Photo credit: tokyofoodcast

Tomatillos. The bright, green little veggies wrapped in a papery husk taste almost like the cross between a tomato and a lime. Around our house we use them all the time–tossed in chili, whipped into a salsa verde, blended to create a green enchiladas sauce. But truth be told tomatillos stink. Literally. The paper husk smells like rotting dirty socks. When you have to go through a whole pile of them at the grocery store you’re likely to come away with stinky fingers. Plus, using fresh tomatillos right often requires a few steps like boiling or roasting.
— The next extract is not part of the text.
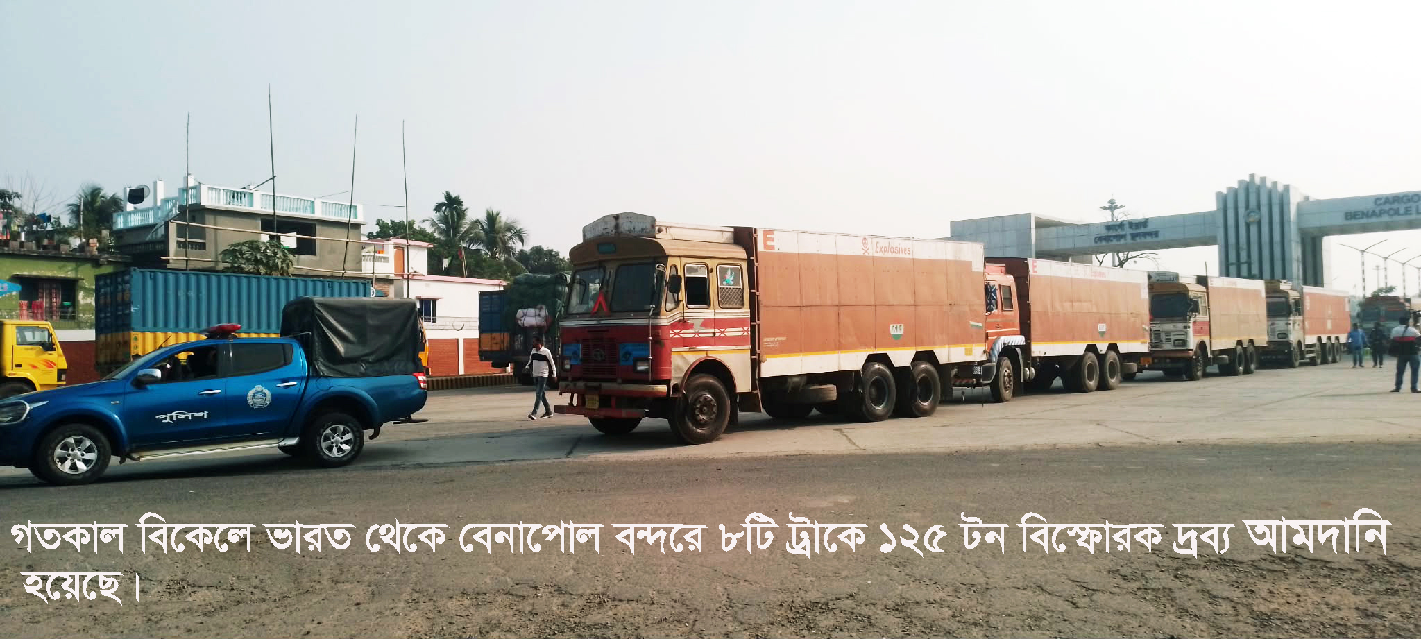 বেনাপোল স্থল বন্দর দিয়ে ভারত থেকে ৮টি ট্রাকে করে ১২৫ মেট্রিক টন বিস্ফোরক দ্রব্য প্রবেশ করেছে বাংলাদেশে। শনিবার (২৪ জানুয়ারী) বিকাল ৪ টায় ভারতের পেট্রাপোল স্থলবন্দর দিয়ে বিস্ফোরক দ্রব্য নিয়ে বেনাপোল বন্দরে প্রবেশ করে।

On a whim, years ago, I bought canned tomatillos for a recipe that called for pounds of the little greenies. I just couldn’t bring myself to pick out and roast fresh ones so I thought I’d take a little recipe shortcut, just this once. The recipe turned out perfectly. Since then, I’ve been bypassing the produce aisle for the canned variety of tomatillos. There so convenient and quick. I still buy and stink up my fingers to create fresh tomatillo salsas, but for everyday use, I go for the cans.

It’s not just convenience that compels me to go for the can, tomatillos aren’t always available fresh, but you can usually find the cans year round at Krogers in the ethnic foods section. Anyone else hooked on canned tomatillos?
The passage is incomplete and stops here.